I suspect a lot of you are like me in that you never really had much of an answer to the question "What are you?" (i.e. Irish, German, etc.) Except for the dash of exotic Czech on Blanche Vermillion's mother's side--and Miles Branch's Welsh mother--I thought of my family as just a bunch of indistinct white Americans.
And I'm not alone. When confronted with the box asking for their ancestry on the 2000 census, 7.3 percent of Americans said simply "American" in 2000. While you might think that this is a widely varied group of people who didn't know any more about their ancestry (or didn't consider it the Census Bureau's business), there's actually a distinct geographical pattern to those responses. You can see it in the map above, where the counties with the greatest percentage of people answering "American" are darkest.
The shape that emerges is a map of Appalachia, a region whose first white settlers were the group known as "Scotch-Irish" or "Scots-Irish." Their real origins are in the border region between England and Scotland, though many of them lived in Northern Ireland before coming to America in the 1700s. I have slowly come to understand, with the help of a couple of good books, that the Scots-Irish were and are a very distinct cultural group--and that much of my family is part of that culture. It is a culture that overlaps with a lot of better-known segments of American society: born-again Christians, NASCAR fans, and, at least in this year's primaries, Hillary Clinton voters. (The map of the counties where she won by more than 65 percent looks a lot like the one above.) But it's also a culture that doesn't have a strong sense of itself as being different from other Americans--thus the answer to the census question.
One of the things I've learned is that the Scots-Irish culture in its early years was open to people of other nationalities who were willing to adopt its (protestant) religion and values.
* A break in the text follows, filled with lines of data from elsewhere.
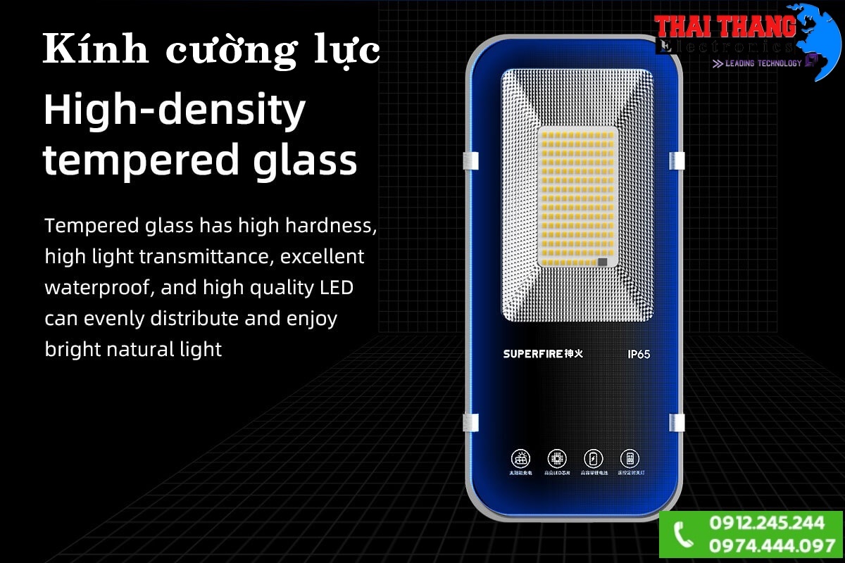 Đèn đường năng lượng mặt trời Supfire FF5-A sử dụng công nghệ cấp nguồn xung PWM tiên tiến đảm bảo đèn hoạt động tuyệt đối ngay cả trong môi trường thiếu sáng. Pin năng lượng mặt trời sẽ tự động sạc để sử dụng vào ban đêm và xả pin vào ban ngày để đảm bảo tuổi thọ cho sản phẩm. Dung lượng pin là 5000mAh cho thời gian hoạt động tối đa của đèn là 12 giờ. Chất liệu đèn làm bằng hợp kim nhôm siêu bền có thể chịu được các tác động mạnh, tất cả sẽ được gắn trên bộ khung vô cùng chắc chắn. đèn có khả năng chống nước chuẩn IP65 cho phép đèn hoạt động tốt trong thời tiết mưa gió.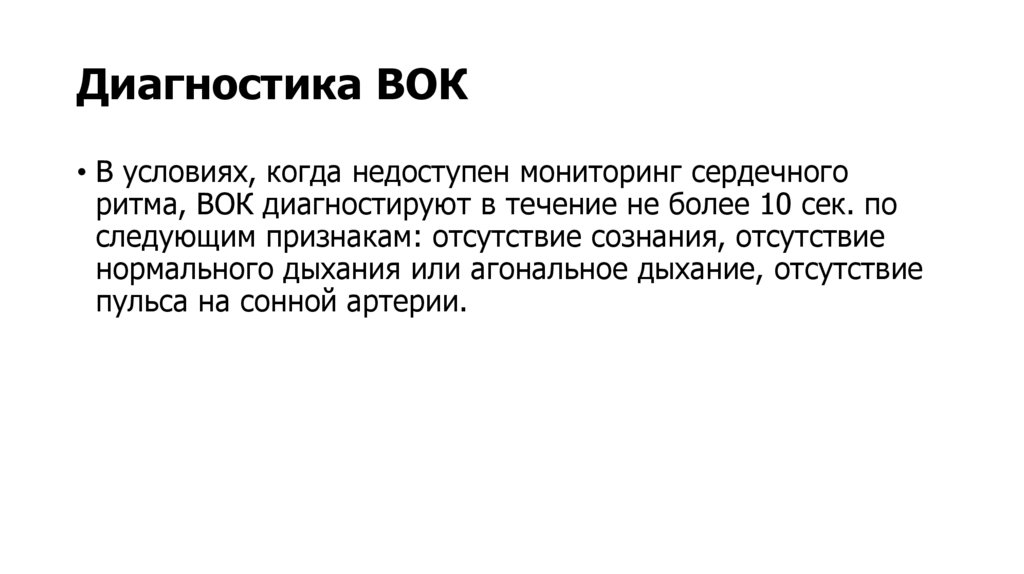 • В условиях, когда недоступен мониторинг сердечногоритма, ВОК диагностируют в течение не более 10 сек. по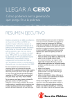 llegar a ceRO Cómo podemos ser la generación que ponga fin a la pobreza Resumen ejecutivo Desde su lanzamiento en 2002, los Objetivos de Desarrollo del Milenio (ODM) han ayudado a lograr índices de progreso sin precedentes en materia de reducción de la pobreza y de desarrollo humano. El número de personas en el mundo en situación de pobreza absoluta –que viven con menos de 1,25 dólares al día– se redujo a la mitad entre 1990 y 2010. La mortalidad infantil ha disminuido un 41%: actualmente mueren 14.000 niños y niñas menos al día en comparación con los índices de 1990. La cifra de población infantil no escolarizada ha disminuido casi a la mitad desde el año 2000.1 En estos momentos nos encontramos en una coyuntura decisiva en la historia del desarrollo humano. El fin a la pobreza extrema se halla a nuestro alcance. El proceso que está en marcha para definir un nuevo marco de desarrollo post-2015 dirigido a reemplazar los ODM nos brinda una oportunidad única para abrazar esta visión y hacerla realidad. Por lo tanto, es crucial que el marco de desarrollo global que suceda a los ODM sea audaz y ambicioso: un marco capaz de impulsar las acciones transformadoras y sostenibles que se requieren para erradicar la pobreza extrema y hacer realidad los derechos de toda la infancia. Es con este ánimo que Save the Children propone una serie de “objetivos cero” para el marco post-2015, cuyo propósito es concluir la tarea que comenzaron los ODM por medio de la erradicación de dimensiones específicas de la pobreza. En Acabemos con la pobreza en nuestra generación, un informe que ilustra nuestra visión para el marco post-2015, expusimos inicialmente estos objetivos cero.2 Entre los objetivos, se incluía el logro de: • acabar con la pobreza económica de personas que viven con menos de 1,25 dólares y 2 dólares al día. • acabar con la mortalidad materno infantil por causas prevenibles, y que ninguna madre, ningún niño ni ninguna niña muera a causa de enfermedades que pueden ser fácilmente tratadas o debido a una falta de acceso a servicios de salud de calidad. • acabar con el hambre. • acabar con el hecho de que las personas no puedan acceder a una mejor calidad de agua potable y saneamiento. • acabar con los índices de niños y niñas que no van a la escuela o que la abandonan sin obtener buenos resultados de aprendizaje. Aunque se está llegando a un acuerdo respecto a que en el marco post-2015 debería incluirse un objetivo cero en materia de pobreza económica porque es un objetivo alcanzable, por lo menos al nivel de 1,25 dólares al día, se han planteado dudas llegar a cero con relación a si son alcanzables los objetivos cero (o, en otras palabras, el 100% del logro de los objetivos) de acabar con otras dimensiones críticas de la pobreza. Como contribución a este importante debate, el presente informe expone el argumento de que, siempre que se den ciertas condiciones, la mayoría de estos objetivos cero sí pueden alcanzarse para el año 2030. Para lograrlo, los Gobiernos deben abordar la desigualdad económica y mejorar la gobernanza con firmeza. Además, deberán hacerse esfuerzos conjuntos para fomentar programas clave de reducción de pobreza con el fin de llegar a los grupos en mayor situación de pobreza y marginación, particularmente en África Subsahariana y en Estados frágiles y afectados por conflictos. El propósito de la investigación expuesta en ese informe era proyectar los índices futuros de cambio en diversas dimensiones de la pobreza para determinar si los objetivos cero podrían alcanzarse de forma realista siguiendo las trayectorias de siempre. Si esto no era posible, nos propusimos analizar si las mejoras a escala macro en la distribución del ingreso y en la calidad de la gobernanza podría ayudar a sentar las bases para llegar al objetivo cero. Para conseguirlo, proyectamos, hasta el año 2030, las actuales tendencias globales en índices de cambio en mortalidad infantil, acceso a agua y saneamiento, y logros en materia de educación en tres marcos hipotéticos distintos de desigualdad y gobernanza: “continuar como siempre”, “abordar la desigualdad económica” y “abordar tanto la desigualdad económica como la calidad de la gobernanza”. Descubrimos que si se mantiene la tendencia actual en materia de desigualdad económica y no mejora la calidad de la gobernanza, es muy poco probable que para el año 2030 logremos los objetivos cero, incluso aunque se produzca un marcado crecimiento económico. Sin embargo, esta situación cambia radicalmente si reducimos la desigualdad económica al nivel más bajo que cada país ha tenido durante los últimos 30 años y si, además, mejoramos la gobernanza. En este marco hipotético vemos que los índices de pobreza se reducen a un nivel de entre 1 y 6 puntos porcentuales de cero en todas nuestras áreas prioritarias. Concluimos que para el año 2030 podríamos: • reducir los índices globales de mortalidad infantil a 20 muertes por cada 1.000 nacidos vivos (nuestro nivel máximo propuesto para muertes que pueden considerarse prevenibles), salvando 1,8 millones de vidas infantiles al año.3 2 • garantizar que el 99% de la población mundial tenga acceso a agua de mejor calidad: el equivalente a casi 280 millones adicionales de personas que con las condiciones del marco hipotético “continuar como siempre”. • aumentar hasta un 94% la cobertura de instalaciones de saneamiento mejoradas, llegando a 920 millones adicionales de personas que en nuestro marco hipotético “continuar como siempre”. • asegurar que el 98% de los niños y las niñas que comienzan la enseñanza primaria lleguen hasta el último grado. Así, si los Gobiernos realizan los cambios en el ámbito de la desigualdad económica y la gobernanza que se requieren en base a nuestras hipótesis de proyecciones, estaremos a un paso de ganar la batalla para llegar a cero. Sin embargo, según nuestro an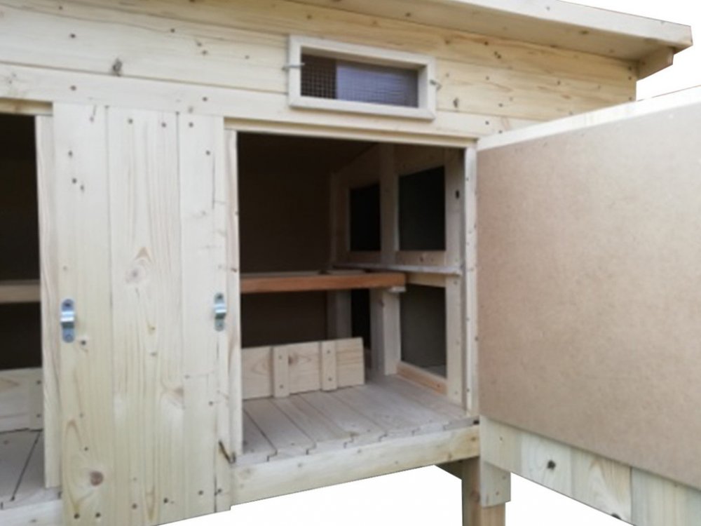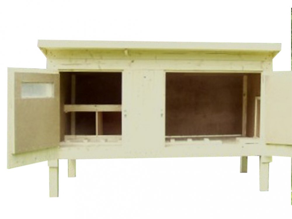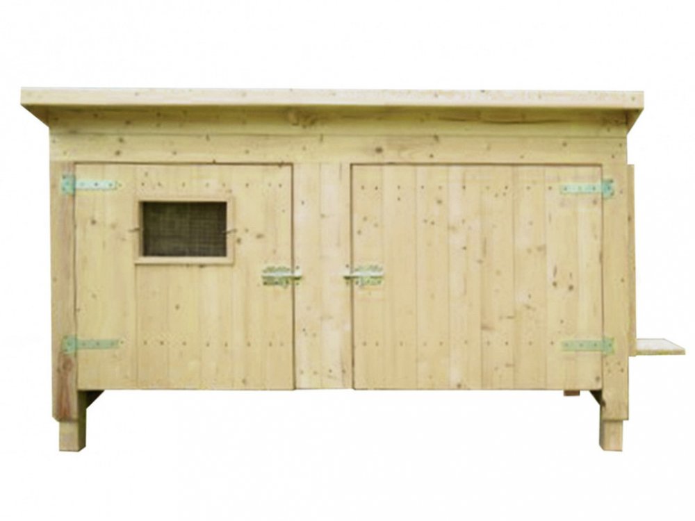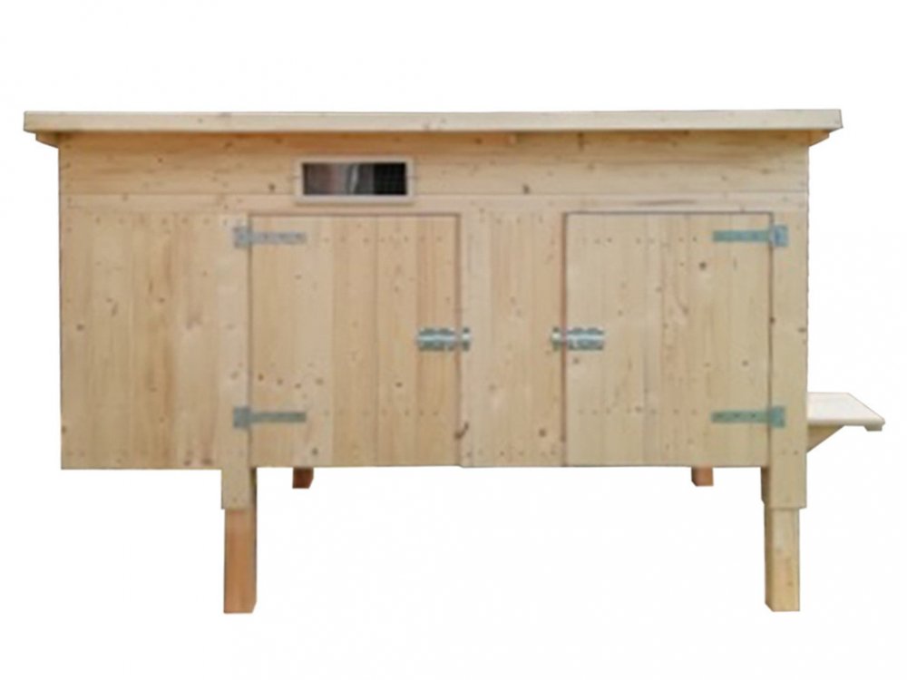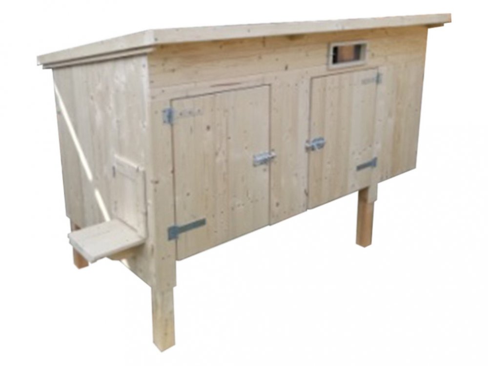 Kurník české výroby je určený pro 10 – 12 slepic. Volitelný vchod pro drůbež z levé či pravé strany a výběr vajec v levé či pravé stěně. Vyrobený z kvalitního smrkového dřeva. Interiér kurníku je vybaven dvěma kukaněmi pro snášení vajíček a dvěma hřady.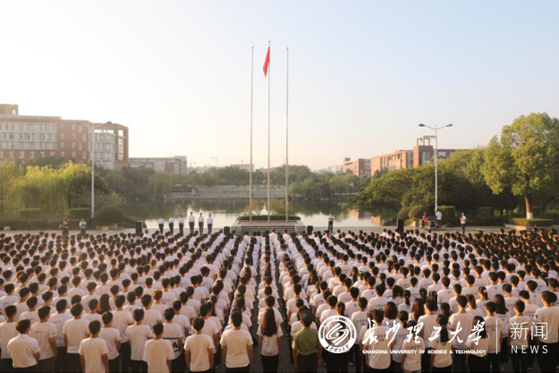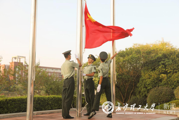 清晨7点,国旗班队员们迈着整齐而坚定的步伐护送五星红旗入场。伴随着庄严的国歌声,五星红旗在习习晨风中冉冉升起。在场师生高唱国歌,向国旗行注目礼。国歌唱毕,全体肃立,缅怀先烈,向人民英雄致敬。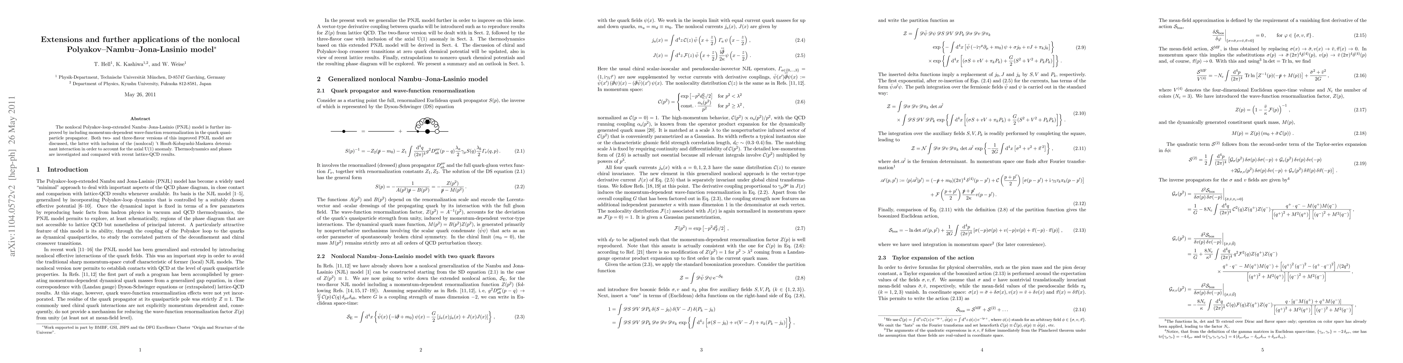The nonlocal Polyakov-loop-extended Nambu--Jona-Lasinio (PNJL) model is further improved by including momentum-dependent wave-function renormalization in the quark quasiparticle propagator. Both two- and three-flavor versions of this improved PNJL model are discussed, the latter with inclusion of the (nonlocal) 't Hooft-Kobayashi-Maskawa determinant interaction in order to account for the axial U(1) anomaly. Thermodynamics and phases are investigated and compared with recent lattice-QCD results.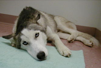 The vet knocked out Sam (one of our Mal rescues) for a direct blood transfusion with Aldine, who by was now going into shock from blood loss. But the transfusion couldn't be done after finding the pup's main internal bleeding was from his ruptured intestine. The transfusion would also have put Sam in danger since the pup's blood was now too contaminated to be mixed with Sam's to use. Our vet would need to find and close "bleeders" as quickly as possible and Aldine would have to make do with what blood he had left. Our vet really didn't think the pup would make it through the several hours of surgery. Fortunately Aldine surprised us all and survived!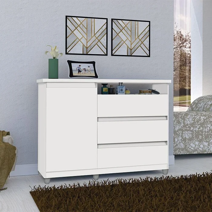 Agora, você pode organizar as suas roupas e sapatos com um único móvel: a cômoda Ski. Ele foi desenvolvida com espaço lateral que possui divisória interna, assim, você pode acomodar os seus sapatos de forma organizada e prática. Charmosa, seus puxadores estão embutidos na gaveta, na parte inferior, deixanco a cômoda clean e sofisticada. Além disso, as gavetas suportam até 07 kg, dando a você, segurança e durabalidade para acomodar suas roupas. Perfeita, né?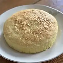 Japanese cheesecake (Japanese: スフレチーズケーキ),[1] also known as soufflé-style cheesecake, cotton cheesecake,[2] or light cheesecake, is a variety of cheesecake that is usually lighter in texture and less sweet than North American-style cheesecakes. It has a characteristically wobbly and airy texture, similar to a soufflé when fresh out of the oven and a chiffon cake-like texture when chilled.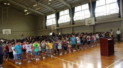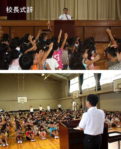 浅井校長は式辞の中で、ロンドンオリンピックで感動した場面や心に残った沢選手の言葉を紹介した後、「2学期は『なかよく、チャレンジ!』を合い言葉に生活しよう」と呼びかけました。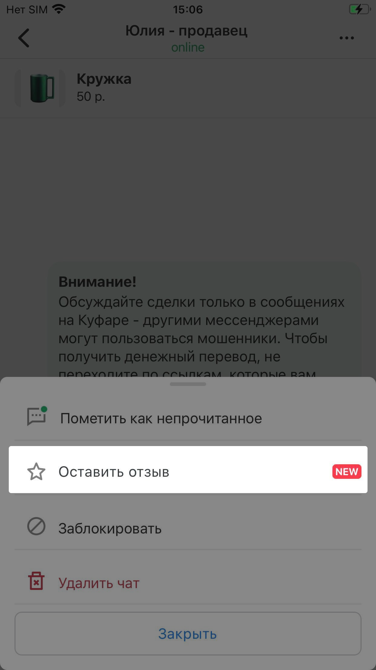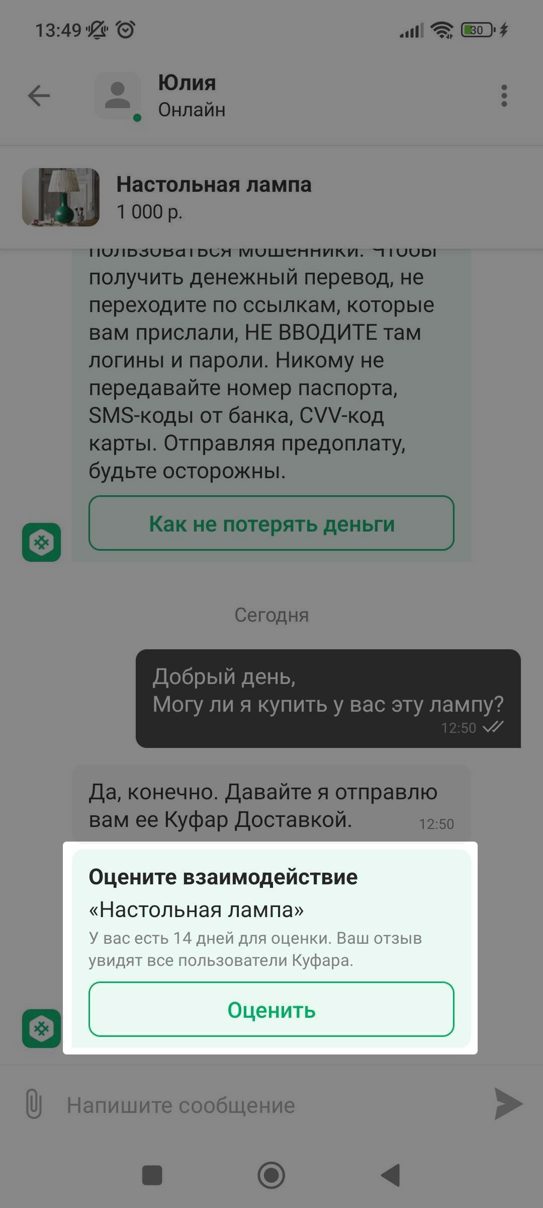 ✅ Если покупатель выбрал опцию «Оставить отзыв» - подпункт «Сделка состоялась» в переписке с продавцом. В таком случае вам придет запрос на оценку в вашу с ним переписку на Куфаре.

So even though I have found French, Dutch, and Swedish people in my backcountry ancestors, they all seem to have signed on to the Scots-Irish culture.
Cal Jones's parents were both very much of this culture. Blanche Vermillion Branch's father was, too, as was Clara Paxton Jones's father. (Her mother's family had some Scots-Irish blood, but they were part of a German-American culture that existed alongside the Mid-Atlantic Quakers.
One of the books I'd recommend if you want to know more is called
Albion's Seed, by David Hackett Fischer. Fischer breaks down the migration of people from the British Isles before the revolution into four distinct cultural groups: New England Puritans, Virginia elites (and the indentured servants who came to serve them), Mid-Atlantic Quakers, and the Scots-Irish who populated the hills and backcountry. Fischer's book is written for a scholarly audience and can be slow going sometimes, but it opened my eyes to a lot of American history that I'd never understood.
And it explained some things about the people we call hillbillies or rednecks. For example, the stereotype of the hillbilly in a tumbledown shack (or more recently, the mobile home) isn't necessarily a sign of laziness: the Scots-Irish, living on the border, were constantly in the midst of war between England and Scotland, and whatever they built was sure to be destroyed. This state of war also led them to develop close affiliations with family-based clans that were allied with one side or the other: the Hatfields and McCoys were continuing a very old tradition when they were a-feudin'.
A more readable book is
Born Fighting: How the Scots-Irish Shaped America by James Webb, a U.S. Senator from Virginia. Webb is a former Marine, and his take on his Scots-Irish heritage is less scholarly and more of a celebration and a rallying cry. He wants his fellow Scots-Irish to be aware of their heritage and think and vote more like a group. He also recounts a lot of history of the Scots-Irish before they came to America, which is enlightening.